**DATA EXCERPT:**
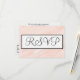 Arrière - plan minimaliste pastel blanc d'aquarelle avec RSVP écrit dans élégant script gris foncé à l'intérieur de rectangle géométrique blanc et noir. Personnalisez les détails de l'arrière en typographie noire contre un arrière - plan blanc immaculé. Oeuvre originale et design de TamiraZDesigns.
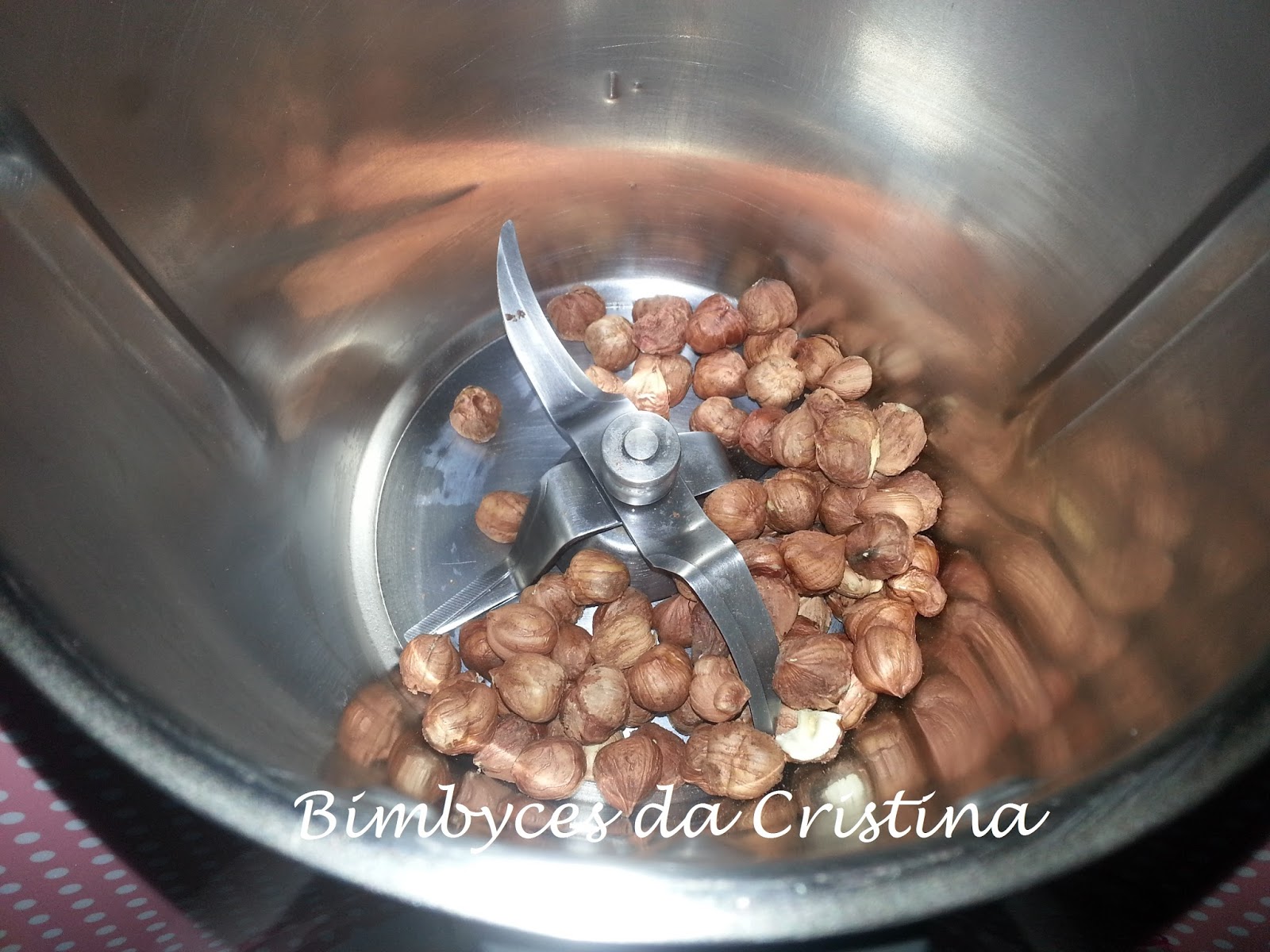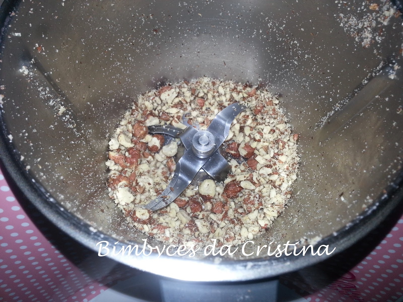 1. Com o copo seco, picar grosseiramente as avelãs. 2 toques Turbo Reservar.
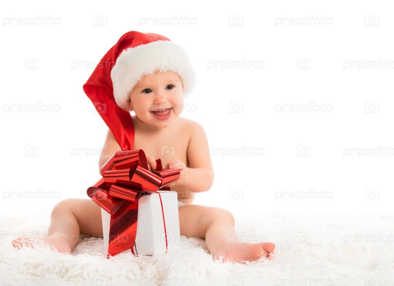 Счастливый малыш в рождественском колпаке с подарком, изолированный
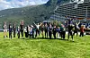 SYKLA OVER FJELLET: Ungdomstrinnet ved Sauar friskole sykla Rallarvegen frå 29. til 31. august. Her er heile gjengen framme i Flåm, der eit gigantisk crusieskip tronar i bakgrunnen. FOTO: Sauar friskoleFOTO: Sauar friskole

**TASK REQUIREMENTS:**
Copy the line showing "Счастливый малыш в" exactly, along with each line after it through the end of the material above. Pictures stay out.

**RESPONSE BOX:**
 Счастливый малыш в рождественском колпаке с подарком, изолированный
 SYKLA OVER FJELLET: Ungdomstrinnet ved Sauar friskole sykla Rallarvegen frå 29. til 31. august. Her er heile gjengen framme i Flåm, der eit gigantisk crusieskip tronar i bakgrunnen. FOTO: Sauar friskoleFOTO: Sauar friskole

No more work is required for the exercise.